OI is a rare genetic disorder that is characterized by fragile bones and reduced bone mass resulting in bones that break easily, loose joints and weakened teeth. In severe cases patients may experience hundreds of fractures in a lifetime. In addition, people with OI often suffer muscle weakness, early hearing loss, fatigue, curved bones, scoliosis, respiratory problems and short stature. The majority of cases of OI (estimated at approximately 90%) are caused by a dominant mutation in a gene coding for type I collagen, a key component of healthy bone. Current treatment of OI is supportive, focusing on minimizing fractures and maximizing mobility, but to date, there are no EMA or FDA approved treatments.

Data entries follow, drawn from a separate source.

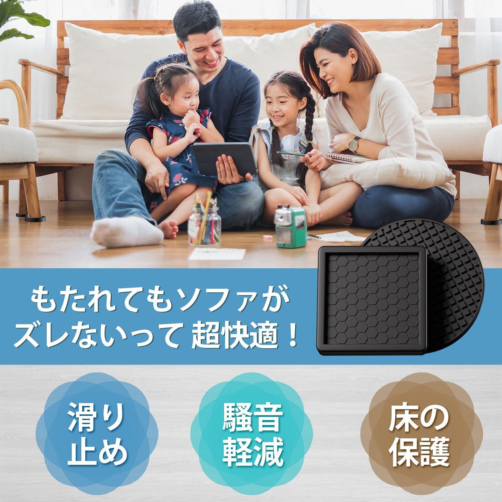 【特別設計で強力な滑り止め】 ソファー滑り止めシートは、ソファー用に特別に設計されています。丸いデザインで、ソファーやベッドの脚にぴったりフィットし、安定した固定を提供します。床にスリップしないように保護し、騒音を効果的に軽減します。さらに、木製床面の傷つきを防ぎ、家の静かな環境を維持します。
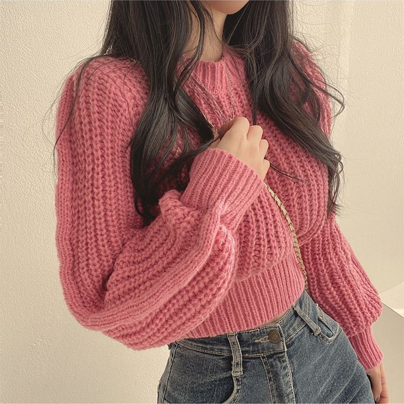 정상가:59,000원 ㅣ 데일리 무지 라운드 오버핏 긴팔 니트 (DP4KT012A)
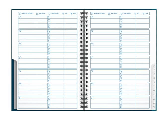 Na dvojité šedé spirále, desky z jemného, laminovaného kartonu, s indexy A-Z, flexibilní, bílý, dokonale hladký papír Optik Paper+, nepropíjí
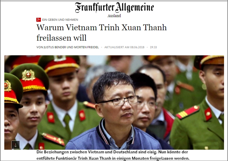 Trên tờ Frankfurter Allgemeine, một nhật báo tầm vóc liên bang và có uy tín nhất nhì nước Đức, số ra ngày thứ bảy 09/06/2018, có đăng một bài báo với tựa đề „Cho và nhận“ và ngay sau đó là hàng tít phụ „Tại sao Việt Nam muốn thả Trịnh Xuân Thanh trong một vài tháng tới“. Bài báo này đã được nhiều báo chí Đức đồng loạt trích đăng, đặc biệt hãng thông tấn Anh cũng đưa tin dựa vào nội dung bài báo trên. Sau đây là bản dịch bài báo của nhật báo Đức Franfurter Allgemeine:

1 Bone microarchitecture assessed by HRpQCT as Predictor of Fracture Risk in Postmenopausal Women: The OFELY Study Journal of Bone Mineral Research 9 March 2017
FOR FURTHER ENQUIRIES:
Mereo BioPharma Group plc +44 (0)333 023 7300
Denise Scots-Knight, Chief Executive Officer
Richard Jones, Chief Financial Officer
Cantor Fitzgerald Europe (Nominated Adviser and Broker) +44 (0)20 7894 7000
RBC Capital Markets (Joint Broker) +44 (0)20 7653 4000
FTI Consulting (Public Relations Adviser) +44 (0)20 3727 1000
Burns McClellan (US Public Relations Advisor to Mereo Biopharma) +01 (0) 212 213 0006
ABOUT MEREO BIOPHARMA
Mereo is a biopharmaceutical company focused on the development and commercialization of innovative therapeutics that aim to improve outcomes for patients with rare diseases. The portfolio currently consists of four clinical-stage product candidates, each of which were acquired from large pharmaceutical companies: BPS-804 (setrusumab) for the treatment of osteogenesis imperfecta (“OI”); MPH-966 (alvelestat) for the treatment of severe alpha-1 antitrypsin deficiency (“AATD”); BCT-197 for the treatment of acute exacerbations of chronic obstructive pulmonary disease, (“AECOPD”); and BGS-649 for the treatment of hypogonadotropic hypogonadism ("HH") in obese men. Each of the Company's product candidates has generated positive clinical data for Mereo's target indication or in a related indication. The Company's strategy is to selectively acquire product candidates that have already received significant investment from pharmaceutical companies and that have substantial preclinical, clinical and manufacturing data packages. Since inception the Company has commenced large, randomized, placebo-controlled Phase 2 clinical trials for all four of the product candidates and has previously announced positive top-line results from two of its clinical trials: a Phase 2 trial with BCT-197 in December 2017 and a Phase 2b dose-ranging study with BGS-649 in March 2018.